_Data excerpts_:
_ _ _ _
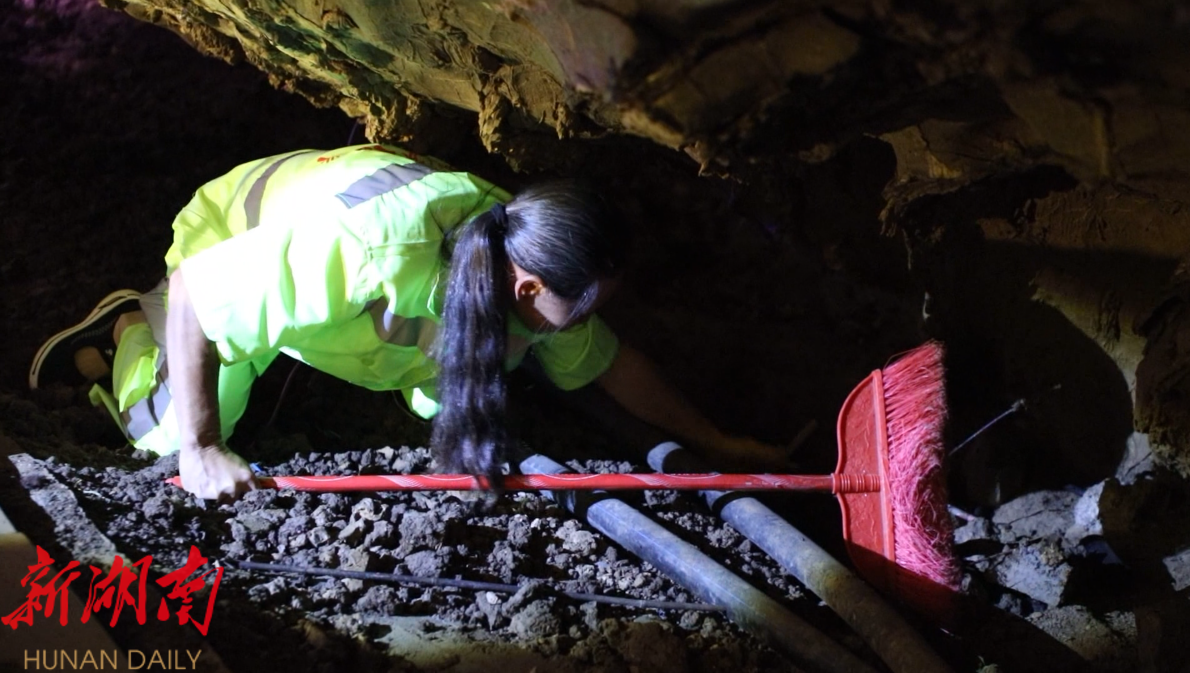 紫霞岩溶洞内地形复杂,洞道时而宽阔,能容数人并行,时而又狭窄得仅能侧身通过,蜿蜒曲折的石阶和地下河也为清理工作带来不小的困难。面对复杂的环境,景区推行精细化、网格化清洁流程,定时巡查、高频次清扫,确保垃圾即产即清。5人保洁小组各显神通,在宽阔区域,他们手持长柄扫帚,将地上的灰尘、小颗粒垃圾扫成一堆,再用簸箕仔细收集起来;到了狭窄地段,他们改用夹子,小心翼翼地夹取散落在角落的垃圾;遇到钟乳石间隙中的垃圾,他们弯腰侧身,小心翼翼地将垃圾拾起。为避免垃圾滞留影响洞内微环境,他们将所有收集的垃圾严格分类,并依规运出溶洞进行环保处理,确保溶洞空气与水体不受污染。
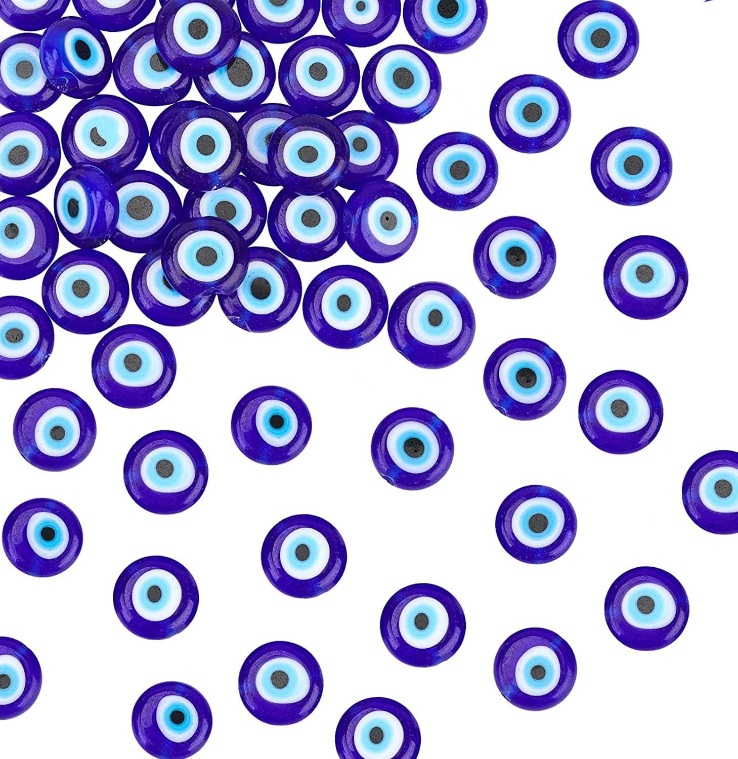 - Package Include -- 1 strand blue flat round evil eye lampwork beads. Size: about 10mm in diameter, 4mm thick, hole: 1mm, about 38pcs/strand, 16"(40.5cm). The price of glass and resin may be cheaper, but compared to lampwork beads, they are a soulless assembly line product.
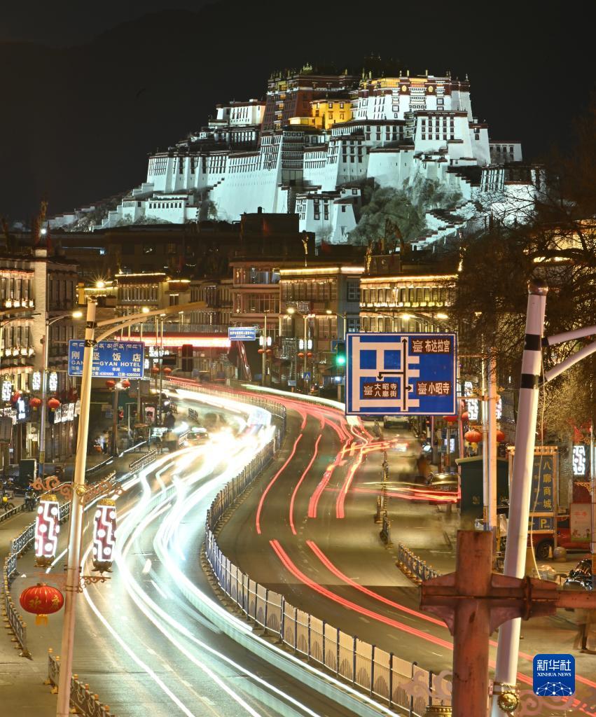 夜晚的布達(dá)拉宮。新華社記者 周荻瀟 攝
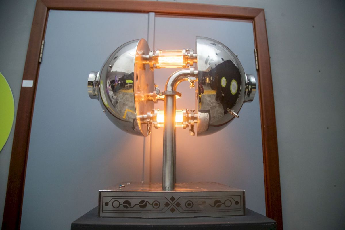 А вот слухач: Циолковский оглох в 10 лет. Как он сам потом написал, «я вообще отупел», но – начал заниматься в мастерской и сделал токарный станок, а потом ещё самоходную машину. Это было в Вятке. К сожалению, эта машина, преобразовывающая одну энергию в другую, до нас не дошла. Но я заказала подобную в Китае. Когда она придёт, мы её соберём и будем запускать в работу. Точнее, это будет делать тот, кому достанется карточка с информацией об этой машине. «Достать» слухач оказалось сложнее всего. Никто в Туле не брался его изготовить – сварить из жести. Сделал один из новомосковских мастеров.
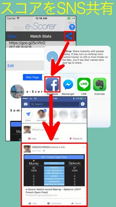 FacebookやLINEなど多くの人々が使用しているSNSに試合結果を投稿することができます。どちらがどれくらいの点差で勝利したのかが一目でわかるようになります。
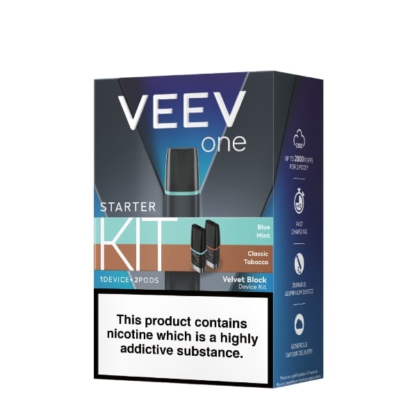 The Veev One Starter Kit is a great choice for anyone seeking convenience and reliability. Compact and easy to use, it’s ideal for beginners and ex-smokers looking for a smooth transition to vaping. Each starter kit includes a reusable Veev One device in its stylish Velvet Black colour, along with two prefilled pods in different flavours. If you get tired of one flavour, simply switch to the other and it’s like having a brand new vape.
_ _ _ _
_WHAT NEEDS TO BE DONE_:
Your answer must be the exact lines from the records above, from the one containing "- Package Include" through the one containing "夜晚的布達(dá)拉宮。新華社記者 周荻瀟 攝", both included, with every picture left out.

_FINISHED EXERCISE_:
 - Package Include -- 1 strand blue flat round evil eye lampwork beads. Size: about 10mm in diameter, 4mm thick, hole: 1mm, about 38pcs/strand, 16"(40.5cm). The price of glass and resin may be cheaper, but compared to lampwork beads, they are a soulless assembly line product.
 夜晚的布達(dá)拉宮。新華社記者 周荻瀟 攝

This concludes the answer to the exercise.